My solution deviates at step 3. Because I’m not a Computer Science major. I am not well-versed in the art of regex and parsing. Therefore, I cede the responsibility to a professional: html-to-text. Who am I to doubt more than 1 million downloads a week?
Same but different
If it isn’t broke, don’t fix it. So I used a similar implementation strategy as Paul. The source of the script goes into an utils
folder and I import it into the layout file that needs it.
The script itself isn’t rocket science. No, I did not use Typescript for this. Don’t @ me.
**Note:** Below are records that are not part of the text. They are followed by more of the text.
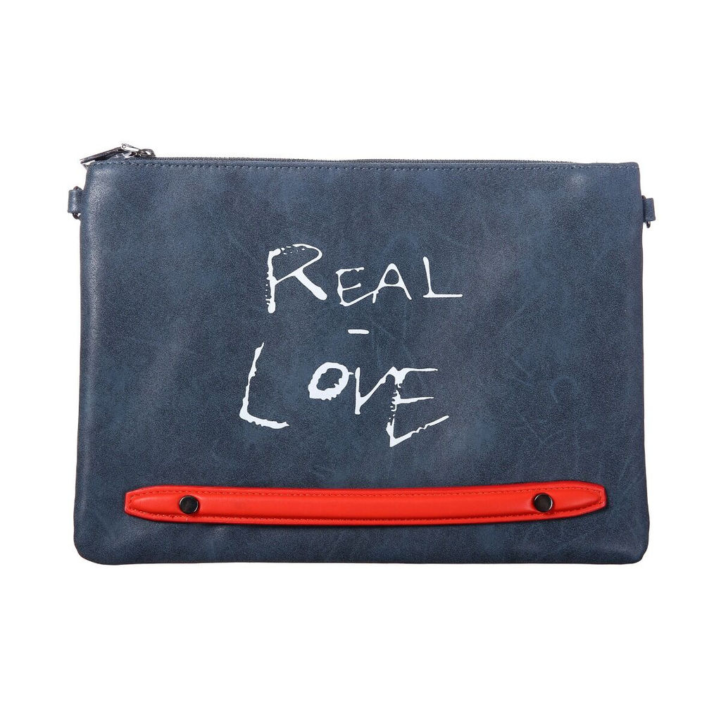 Стильный клатч-конверт из искусственной кожи модного синего цвета. Декорирован с лицевой стороны ремешком для удобной фиксации на руке. Застежка - молния. В комплекте есть длинная цепочка, которая позволяет носить клатч также и на плече. Внутри одно отделение и три небольших кармана для мелочей. Размер: 23 * 30 см
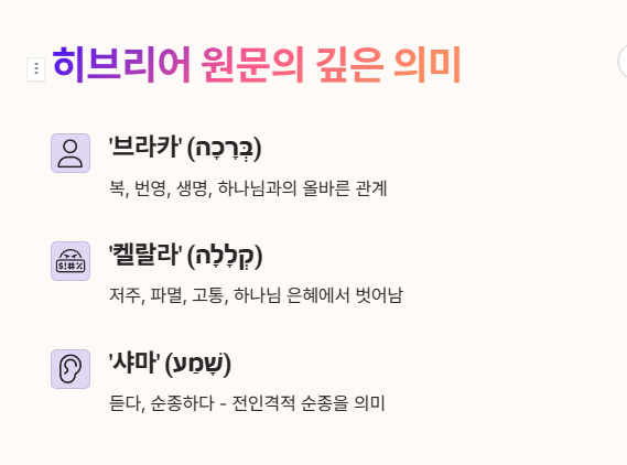• ‘샤마’ (שָׁמַע) – 듣다, 순종하다. 청종은 단순한 청취가 아닌 전인격적 순종.
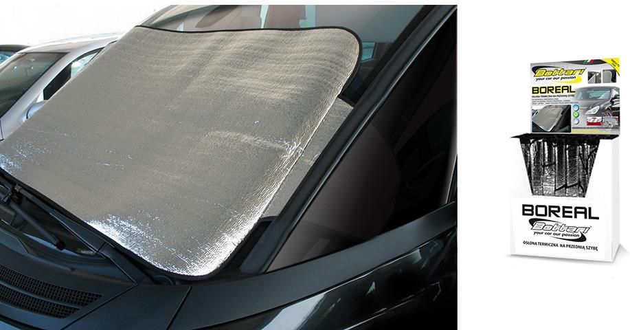 BOTTARI Osłona termiczna letnio/zimowa BT18835 Osłona termicznana przednia szybę auta o wymiarach 150 x 71 cm. Przeznaczona do stosowania zarówno latem jak i również zimą. Doskonała zarówno zimą jako ochrona przed śniegiem, lodem i szronem, oraz latem – jako osłona przeciwsłoneczna zapobiegająca nadmiernemu nagrzania się wnętrza pojazdu. Niezwykle wygodna i łatwa w użyciu. Wystarczy tylko, ze położysz ją na przedniej szybie auta i zamkniesz jej boczne końce drzwiami.
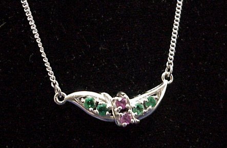 PLATINUM EMERALD & RUDY CHEVRON NECKLACE: Delicate platinum necklace, 4 grams, set with round cut emeralds and rubies, 17''l.
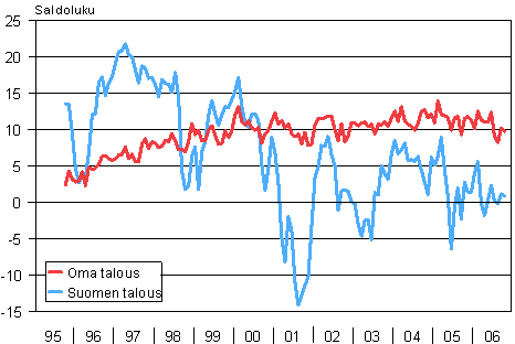 | Lokakuu 2006 saldoluku | Syyskuu 2006 saldoluku | Lokakuu 2005 saldoluku | Keskiarvo 10/95-10/06 | |||||

import MarkdownIt from "markdown-it";
import { convert } from "html-to-text";
const parser = new MarkdownIt();
export const createExcerpt = (body) => {
const html = parser.render(body);
const options = {
wordwrap: null,
selectors: [
{ selector: "a", options: { ignoreHref: true } },
{ selector: "img", format: "skip" },
{ selector: "figure", format: "skip" },
],
};
const text = convert(html, options);
const distilled = convert(text, options);
return distilled;
};
The fun part is distilled
. Why on earth would I run convert()
twice? That took me the better part of the hour to figure out.
At first I thought I wasn’t configuring the options correctly, but after reading the documentation and this issue, I realised it was more likely a source issue.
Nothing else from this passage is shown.